I risparmiatori hanno appena comprato dallo Stato oltre 18 miliardi di euro in Buoni del tesoro poliennali. Una cifra record che dipende certamente dalle condizioni vantaggiose della sottoscrizione. Ma che indica anche una fiducia nelle prospettive del Paese. E che ha effetti positivi sul nostro debito pubblico.

Gli italiani fanno credito (allo Stato e quindi a sé stessi) e diventano «Btp people». Definizione evoluta e corretta di quelli che furono i celebri «Bot people» negli anni Settanta del secolo scorso. In tempi d’inflazione che erode i conti correnti e di tassi stellari che incendiano i mutui, ma che non vengono compensati da altrettanto significativi rendimenti dei depositi, i Buoni del tesoro poliennali sono l’ombrello scelto dai risparmiatori. La Banca centrale europea in cuor suo sa che la manovra sui tassi è stata pensata anche per impinguare i patrimoni delle banche che, non a caso, in Europa nel 2023, hanno messo in cascina profitti per oltre 100 miliardi di euro. In Italia il «raccolto» è stato generoso - superiore ai 22 miliardi -, ma il malato da curare senza dirlo erano (e in parte restano) alcuni istituti di credito tedeschi. È per questo motivo che Isabel Schnabel, membro del board di Francoforte per conto della Bundesbank, orienta la numero uno della Bce Christine Lagarde e la porta lungo i sentieri impervi dei tassi d’interesse in continua salita. Ci sono segni evidenti di rallentamento dell’inflazione che segna il 2,6 per cento in area euro. Si discosta di appena mezzo punto dal target istituzionale della Banca; eppure madame Lagarde non annuncia alcun taglio, nonostante sia evidente che questo cappio finanziario abbia strozzato l’economia con un’attesa di crescita del Pil continentale non oltre lo 0,7 per cento.
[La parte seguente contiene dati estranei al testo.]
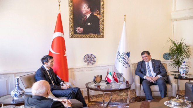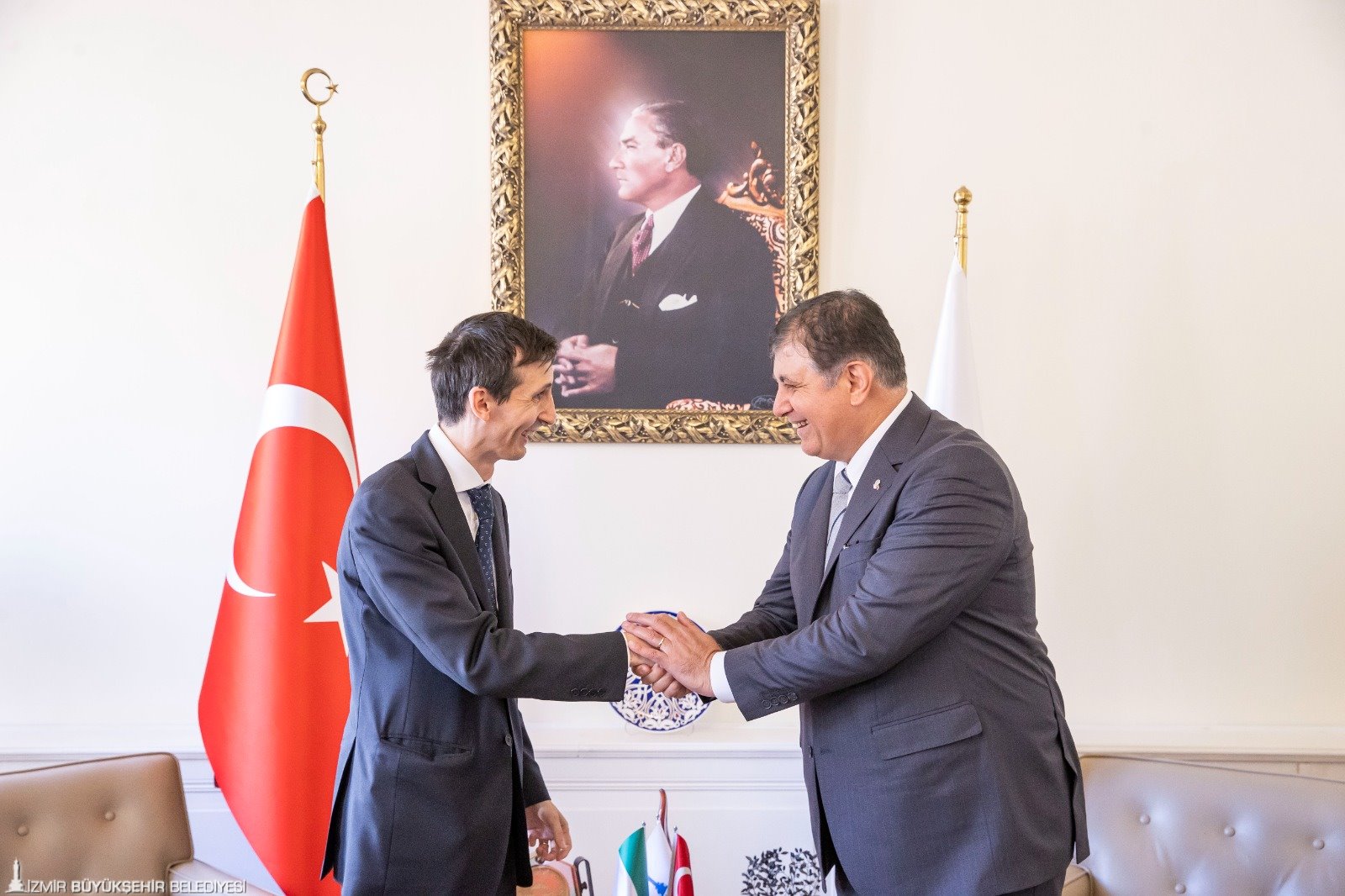 İtalya’nın İzmir Konsolosu Daniele Bianchi, İzmir Büyükşehir Belediye Başkanı Dr. Cemil Tugay’ı makamında ziyaret etti. Başkan Tugay, İtalya ve İzmir arasında olabilecek iş birlikleri hakkında Bianchi ile fikir alışverişinde bulundu. Bu yıl 30 Ağustos ile 9 Eylül tarihleri arasında düzenlenecek 93’üncü İzmir Enternasyonal Fuarı hakkında bilgi veren Başkan Cemil Tugay, İtalya’yı “partner ülke” olarak davet etti. Bianchi ise gerekli kurumlarla görüşeceğini belirtti.
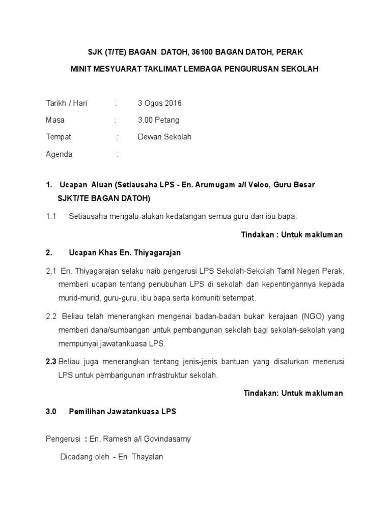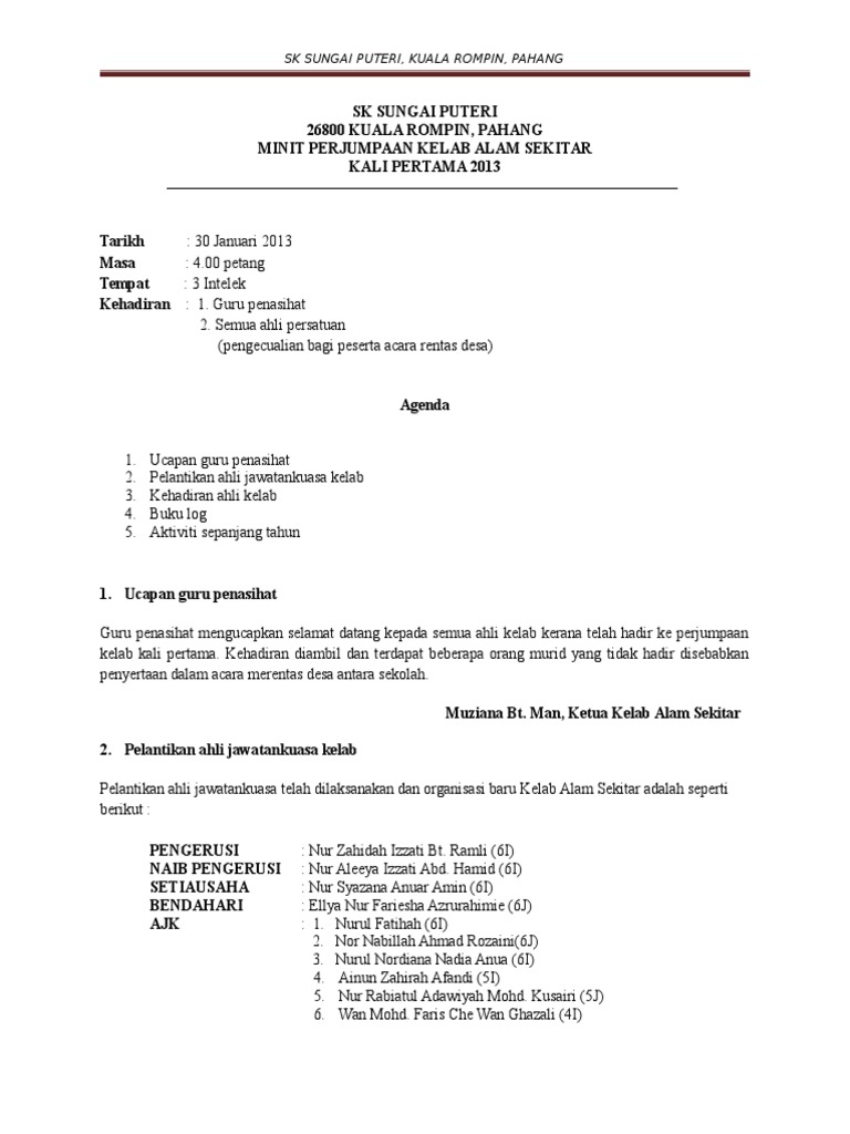 Doc Contoh Minit Mesyuarat Ajk Persatuan Bahasa Melayu Etiesha Rais Academia Edu
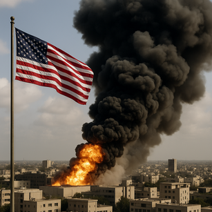 AI generated image of a US flag flying in the foreground with a low-rise Middle Eastern styled city in the background. An explosive fire with thick black smoke is rising in the middle
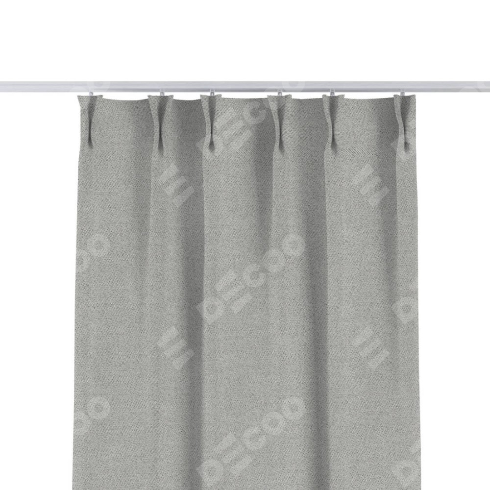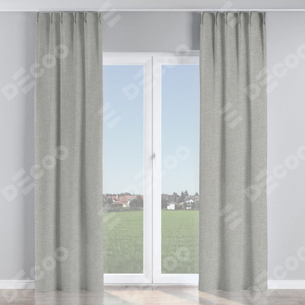 Комплект прямых штор, от производителя «Cortin», пошиты из ткани твид блэкаут светло-серый, артикул ткани 90936. С изнаночной стороны в верхней части штор пристрачивается шторная лента с декоративными складками «Кустик». Для создания элегантных складок прямые шторы шьются по стандарту с коэффициентом 1:2 (на 100 см. ширины проёма 200 см. ширины ткани).
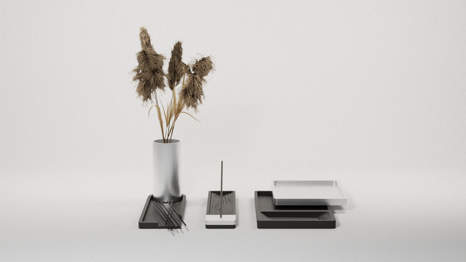 Set tří koupelnových doplňků z hliníku a dubového dřeva zahrnuje odkládací a organizační tác, držák na vonnou tyčinku a vázu s podstavcem, který zároveň slouží jako odkládací plocha pro vonné tyčinky nebo drobné koupelnové předměty.
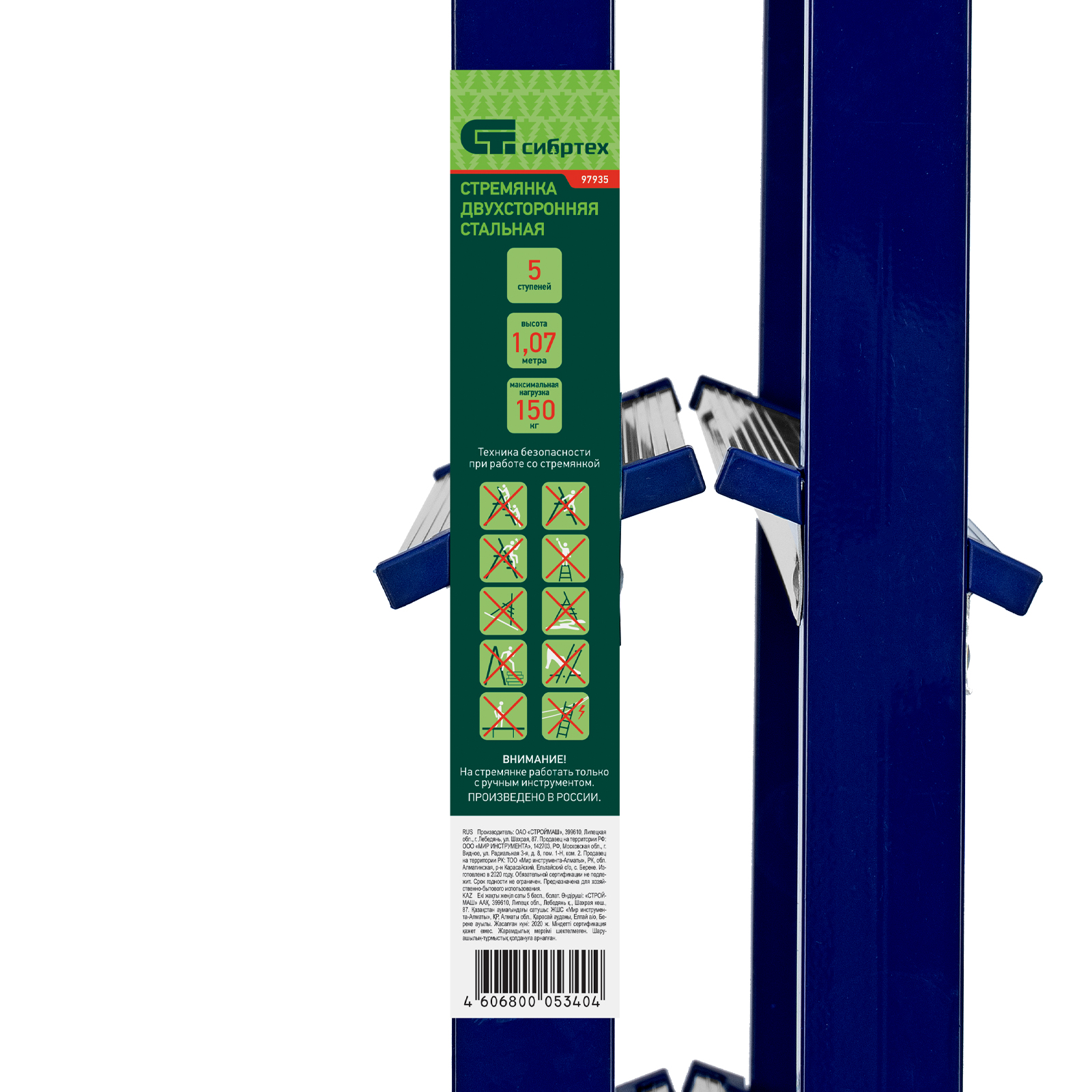 Стремянка двусторонняя 5 ступеней, стальная, Сибртех в Воронеже
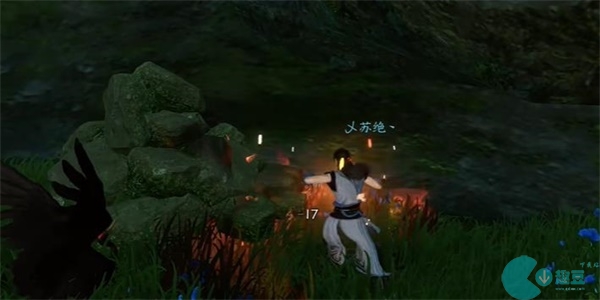 5、小黑鹤突然走开,我们就跟随着小黑鹤前行到石堆旁边,我们使用技能挖开石堆,就可以获取到一本日记,我们阅读日记就可以获得到该技能。
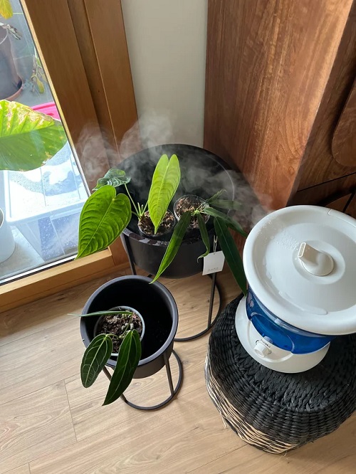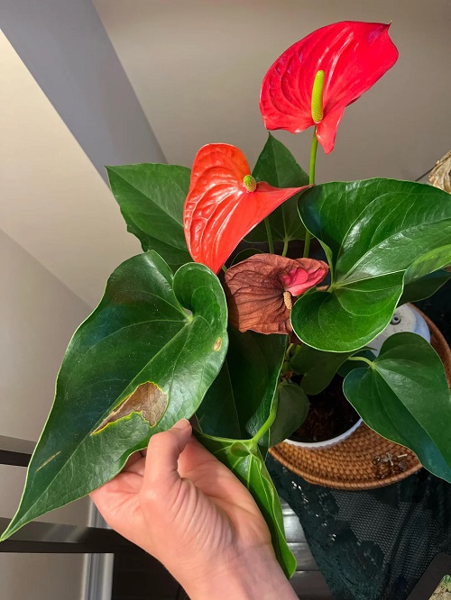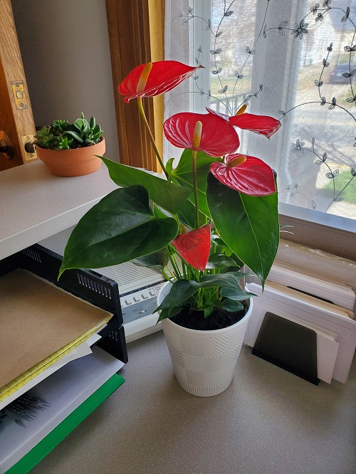 Anthuriums come from tropical areas, so they need high humidity. Dry indoor air makes the leaves brown and the blooms fade. Use a humidifier or place the pot on a tray filled with pebbles and water. You can group plants together, as it also helps. When the air is moist, the plant stays healthy and blooms longer.
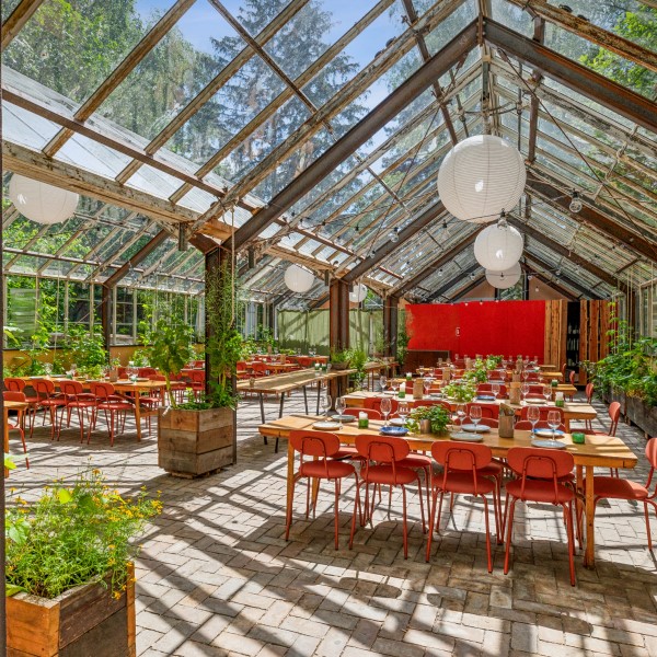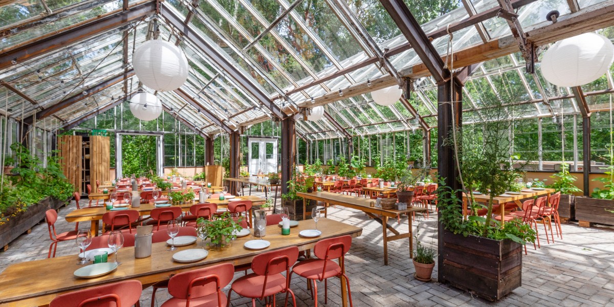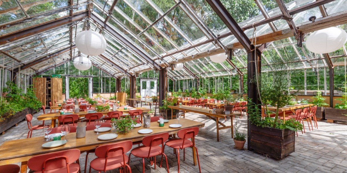 Vores væksthus, som viplamter og blomster op til har fået af Botanisk Have, da de ville skille sig af med det, kan have op til 80 personerved langborde. Væksthuset kan bookes fra 1. maj til 30. september. Her er virkeligt højt til himlen med glastaget og det er omringet af en grøn skov om sommeren, hvor der indenfor vokser planter og blomster op mod tagryggen. Et magisk sted midt i København.
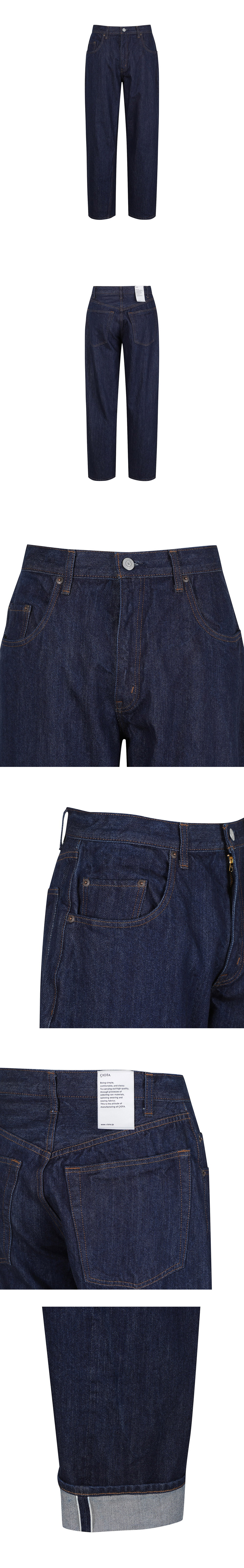 90년대에서 볼 수 있는 디테일을 가득 담은 시오타의 배기 팬츠입니다. - 루즈한 핏 - 긴 밑위 길이 - 고급 면 소재인 Suvin 코튼으로 제작됨 - 구식 직조기로 제작 및 셀비지 마감 처리 * 네이비 컬러는 one-wash 원단으로, 약간의 뒤틀림이 발생할 수 있습니다.
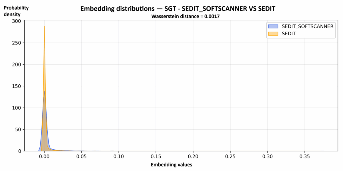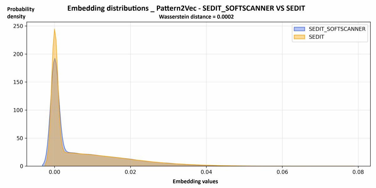 Figure 3: Pattern2Vec: the distributions of embeddings from the prescribed scenarios (in blue) and actual uses (in orange) overlap almost perfectly. The Wasserstein distance is extremely low (0.0002).
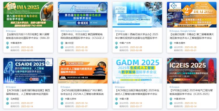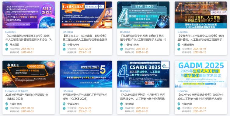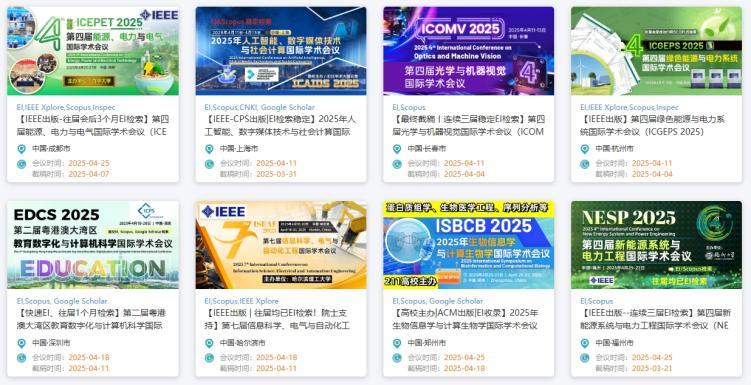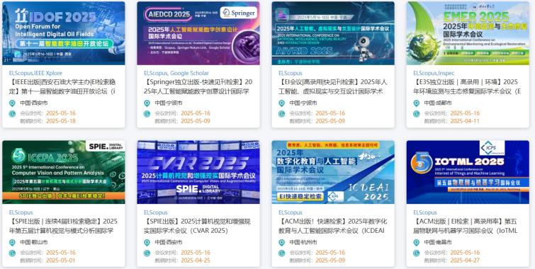 2025年4月學術(shù)會議時間表,覆蓋資源環(huán)境、人工智能、數(shù)字媒體、光學、制造材料、教育管理、思想政治、分布式、智能計算、航空航天工程、生物醫(yī)學、計算機網(wǎng)絡(luò)、機械電子、物理學等等多領(lǐng)域!
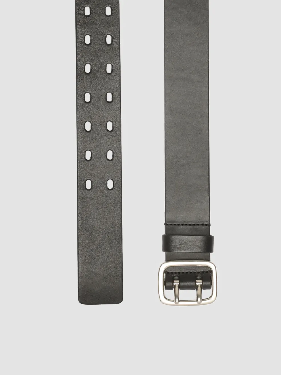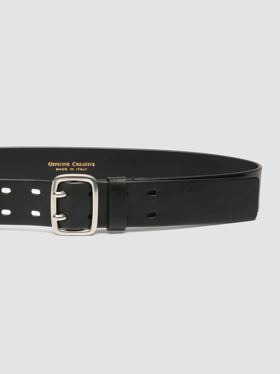 Our OC Strip belt is handcrafted from premium black smooth leather and is marked by a rounded rectangular silver-tone metal buckle, double rows of holes and gold-tone lettering logo printed inside. A precious accessory to complete your favorite looks of every season.
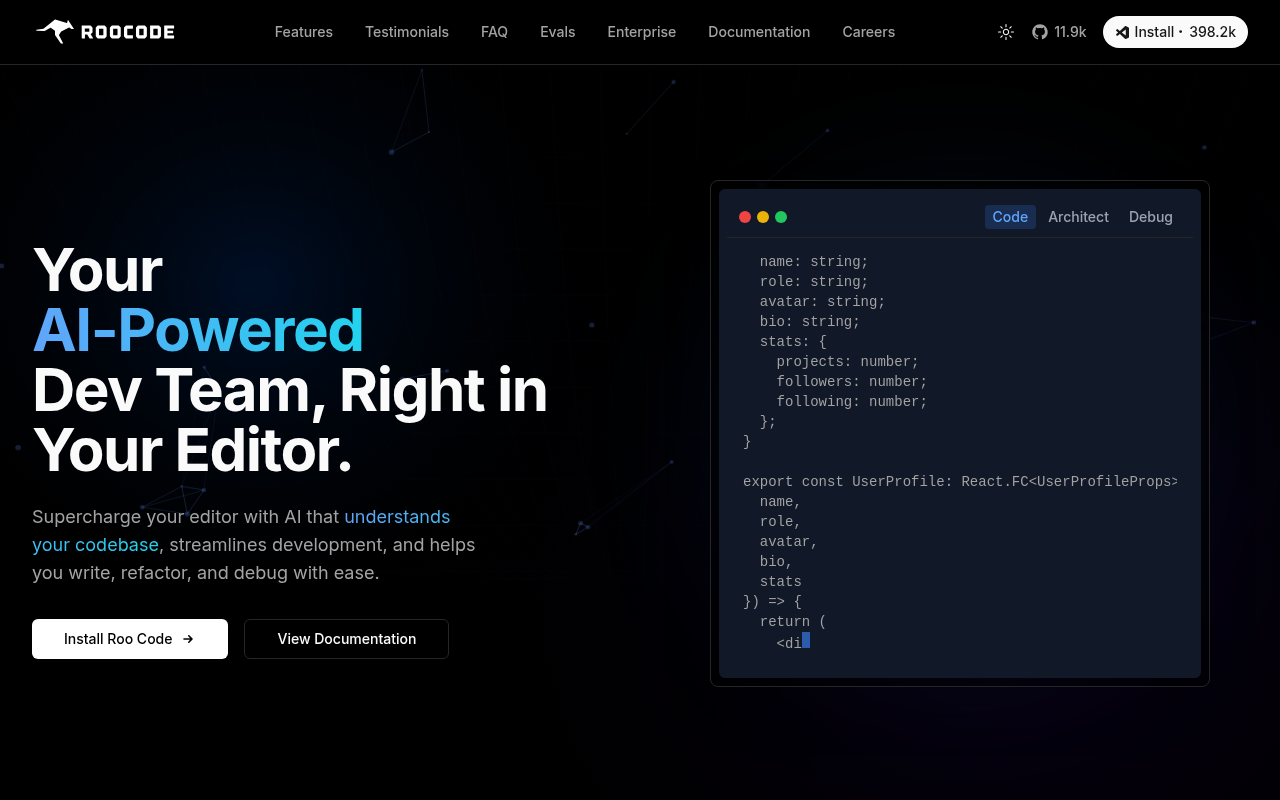 RooCode是一个开源的、AI驱动的编码辅助工具,旨在通过集成到代码编辑器(主要是Visual Studio Code,简称VS Code)中,为开发者提供一个强大的“AI开发团队”。它不仅仅是一个简单的代码补全工具,而是通过多文件编辑、自动化任务执行和高度可定制的功能,模拟一个完整的开发团队的工作流程,帮助开发者更高效地完成编码、调试、测试和架构设计等任务。
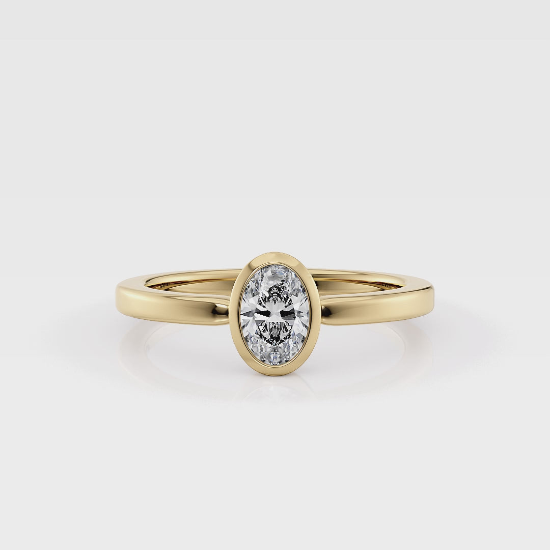 This minimalistic bezel set solitaire engagement ring showcase a beautiful oval diamond center.
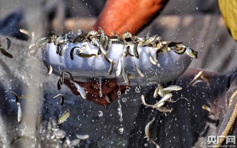 九江水產(chǎn)養(yǎng)殖師傅在表演傳統(tǒng)技藝開側(cè)及數(shù)魚花。(央廣網(wǎng)發(fā) 通訊員陳國杰供圖)

Ecco che in un simile scenario gli italiani sono tornati agli investimenti di un tempo e hanno decretato un successo senza precedenti del Btp Valore pubblico: un salvadanaio in formato famiglia. I critici sostengono che hanno avuto l’illusione di partecipare a una «partita win win» - come dicono gli anglofanatici - perché ci guadagna il risparmiatore e anche lo Stato. Ma a ben vedere, sostengono sempre gli scettici, non è così. In economia, vige la teoria dei vasi comunicanti: se qualcuno profitta qualcun altro ci rimette. Dunque se il Btp Valore rastrella 18.316,424 milioni di euro che è la cifra record per una singola emissione - afferma il ministero dell’Economia e delle finanze - da qualche parte quei soldi sono usciti. Sicuramente dal risparmio gestito, che inarca il sopracciglio e contabilizza all’inizio di anno un saldo negativo: meno 2,6 miliardi di raccolta in gennaio.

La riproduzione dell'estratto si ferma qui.